- Born: 1941 (age 84–85) England
- Education: Self-taught
- Known for: Painting

= Michael John Hunt =

English painter

Michael John Hunt is an English figurative painter and etcher.

==Life==

Born in England 1941, Hunt is entirely self-taught. He creates his pictures with layered acrylics and glazes.

==Paintings==

Hunt is known mainly for his still lifes, which are often depictions of intimate interiors both grand and rustic. The scenes are characteristically adorned with familiar objects, particularly empty chairs, dramatically illuminated by a specific light source emanating from a window or doorway.

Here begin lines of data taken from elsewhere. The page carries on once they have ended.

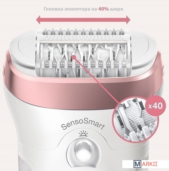Интеллектуальный датчик управляет вашей эпиляцией, информируя о необходимой силе давления, чтобы удалить еще больше волос одним касанием.
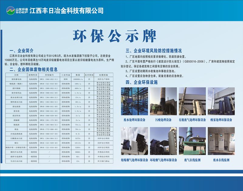 江西豐日冶金科技有限公司成立于2012年3月,注冊資金15000萬元,現(xiàn)為山東環(huán)保集團旗下控股子公司,落戶于江西省宜春市袁州醫(yī)藥工業(yè)園。公司年回收再生十萬噸廢舊鉛酸蓄電池項目占地62.41畝,總建筑面積42180㎡,總投資3.5億元,于2020年5月份投入生產(chǎn),自生產(chǎn)以來運行穩(wěn)定,年產(chǎn)值達10億元以上,年納稅1億元以上。
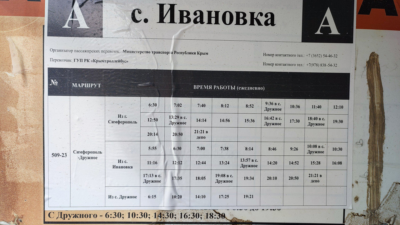 Расписание автобуса от остановки автобуса на повороте с трассы в Белогорске  в сторону Приветного (Головановки, Алексеевки...)
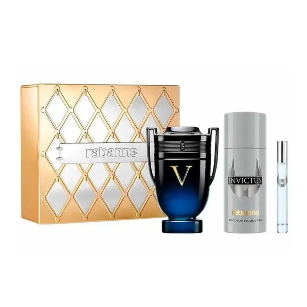Coffret Rabanne Invictus Victory Elixir Kit - perfume masculino + Desodorante +Travel Size
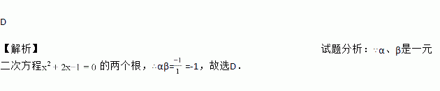 设α,β是一元二次方程x2+2x-1=0的两个根,则αβ的值是( )
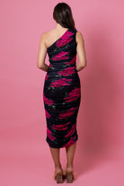 A black and pink floral one shoulder mesh fitted dress.
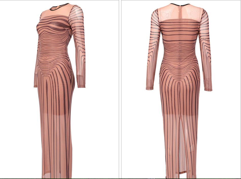 Kim Kardashian Style Optical Illusion Dress Long sleeve Bodycon Dress Sheer Mesh Party Dress Birthday Dress Club Dress Stretch vegas Dress
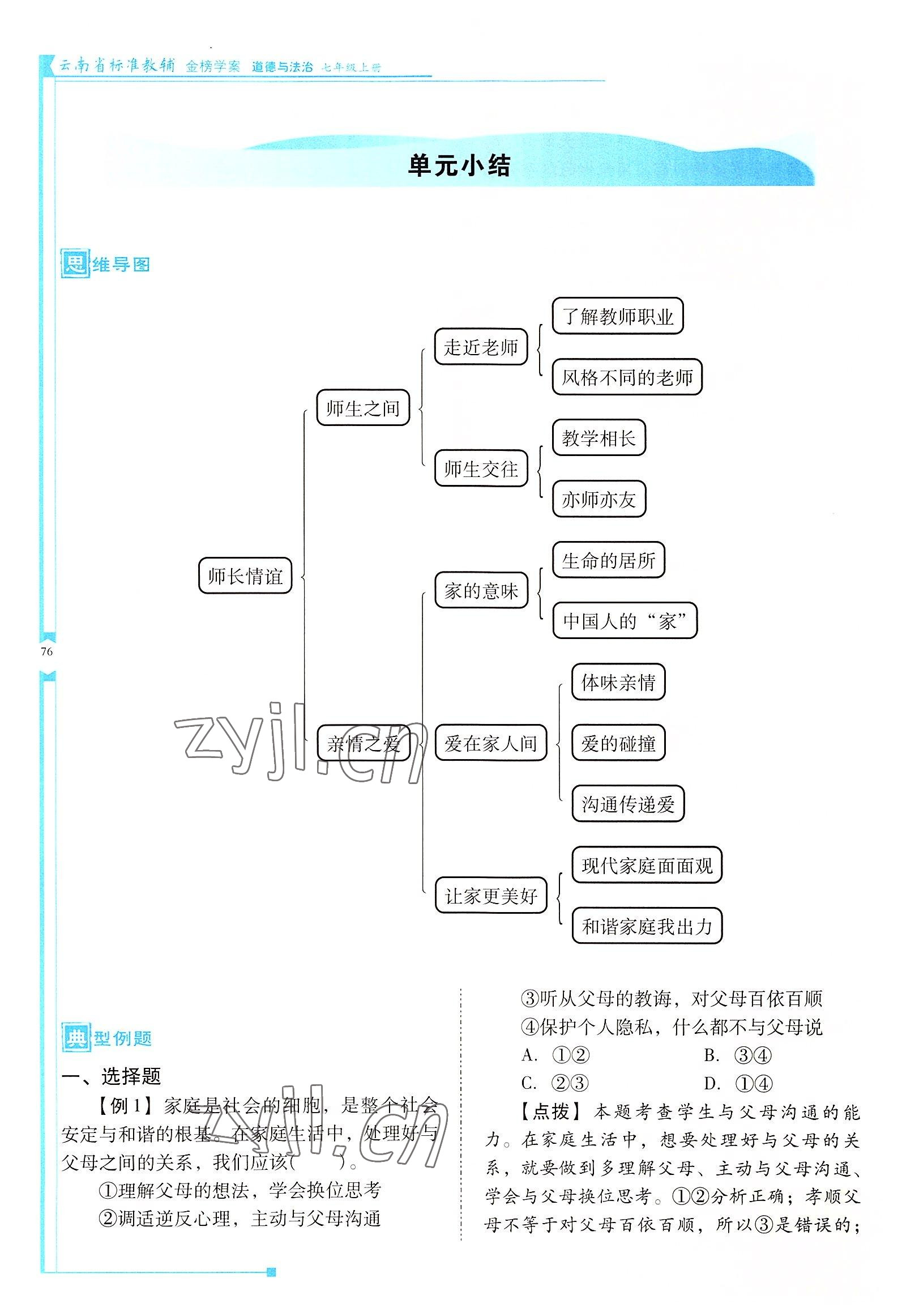 2022年云南省标准教辅金榜学案七年级道德与法治上册人教版云南专版
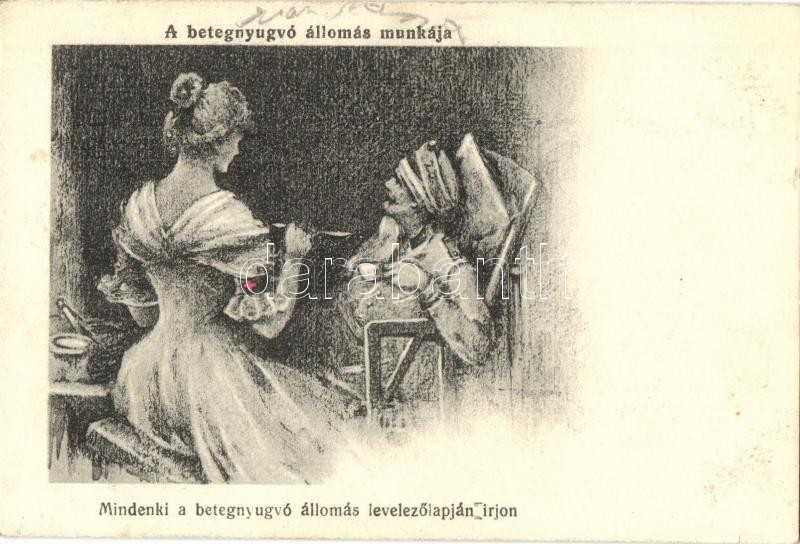 A betegnyugvó állomás munkája, Mindenki a betegnyugvó állomás levelezőlapján írjon. Vöröskereszt Egylet pecsételéssel, katonai kórház, I. világháború / WWI K.u.K. Hungarian military hospital, Red Cross nurse
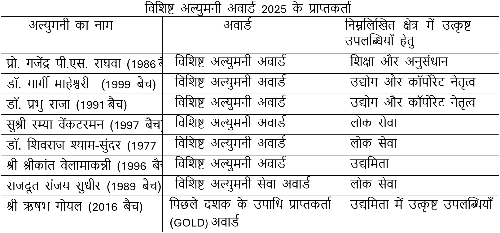 56वें दीक्षांत समारोह में, आई.आई.टी. दिल्ली ने अपने प्रतिष्ठित अल्युमनी को विशिष्ट अल्युमनी पुरस्कार 2025 [विशिष्ट अल्युमनी पुरस्कार—06, विशिष्ट अल्युमनी सेवा पुरस्कार—01, पिछले दशक के स्नातक (स्वर्ण) पुरस्कार—01] से सम्मानित किया। संस्थान ने व्याख्यान कक्ष परिसर में एक डीएए (विशिष्ट अल्युमनी पुरस्कार) वॉल का भी शुभारंभ किया।
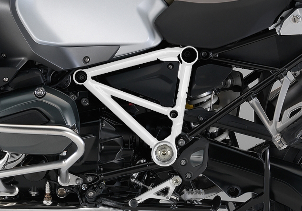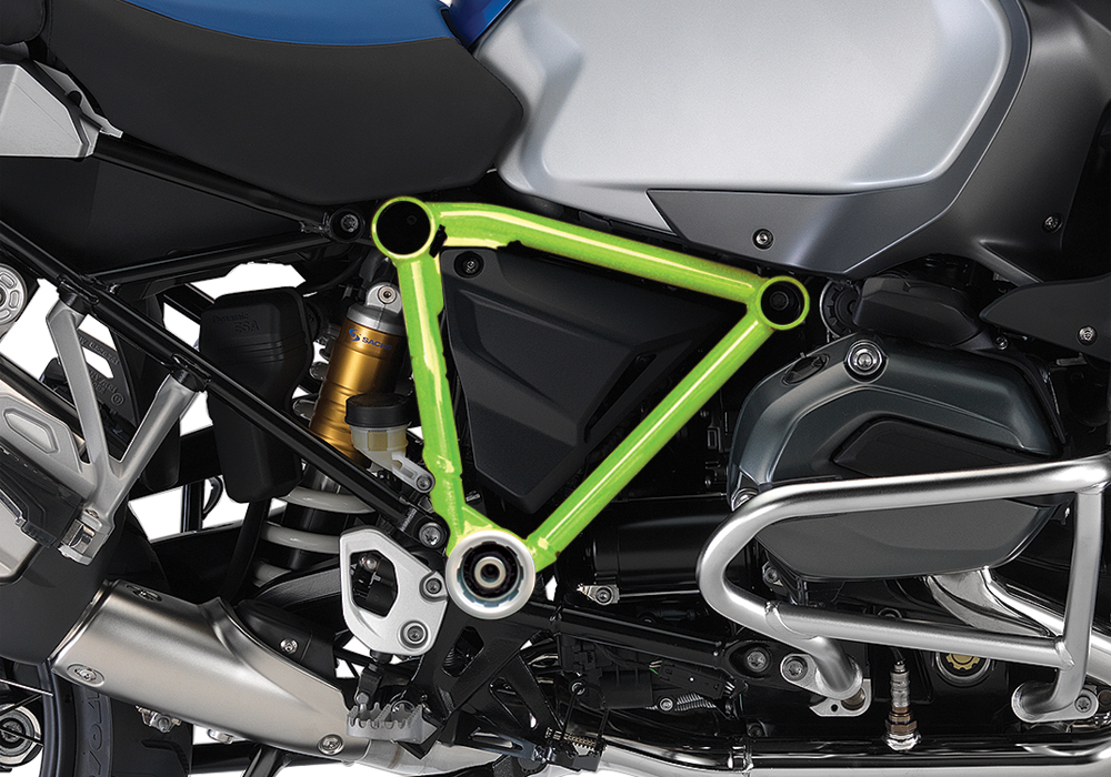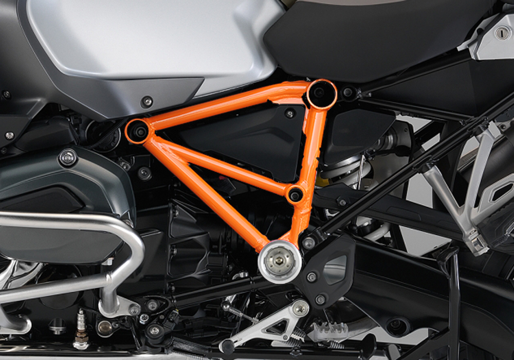 Signature Custom Designs Revolutionary and Innovative Pyramid Frame Styling Kit, changes the color of your BMW R1200GS LC Adventure frame giving a powder coating effect, without affecting the original color by using ready to fit sticker kit.

Like the Dutch masters, the surfaces in his paintings are pristine, allowing for the demonstration of technical proficiency though realistic lighting effects such as shadows and reflections.

==Exhibitions==

He has work permanently on view at The Hunt Gallery in England and the Eleanor Ettinger Gallery in New York. He has also participated in The Royal Academy Summer Exhibition for 6 years, the Paris Salon, National Art Collection Fund and the Society of Equestrian Artists.

==Collections==

- Lord and Lady Northbourne
- Princess Michael of Kent
- University of Kent
- Pfizer, Inc.
- Royal Marines School of Music
- Dr. T.E. Westerterp
- The Town Museum, Venlo, Netherlands

===Winterthur Museum===
As of 2012, Hunt is creating a collection of paintings of the Winterthur Museum featuring the rooms, spaces, and grounds. The project began in 1996 and is still in progress. In order to maintain the integrity of the collection, none of the original paintings have been sold. However, Hunt has decided to publish these paintings in limited editions of fine art prints. The Hunt Gallery has announced that the proceeds from sales of these prints will go to the Winterthur Museum.

===Wynkoop House===
Hunt is currently creating a collection of paintings of Wynkoop House. None of these paintings are currently available for sale.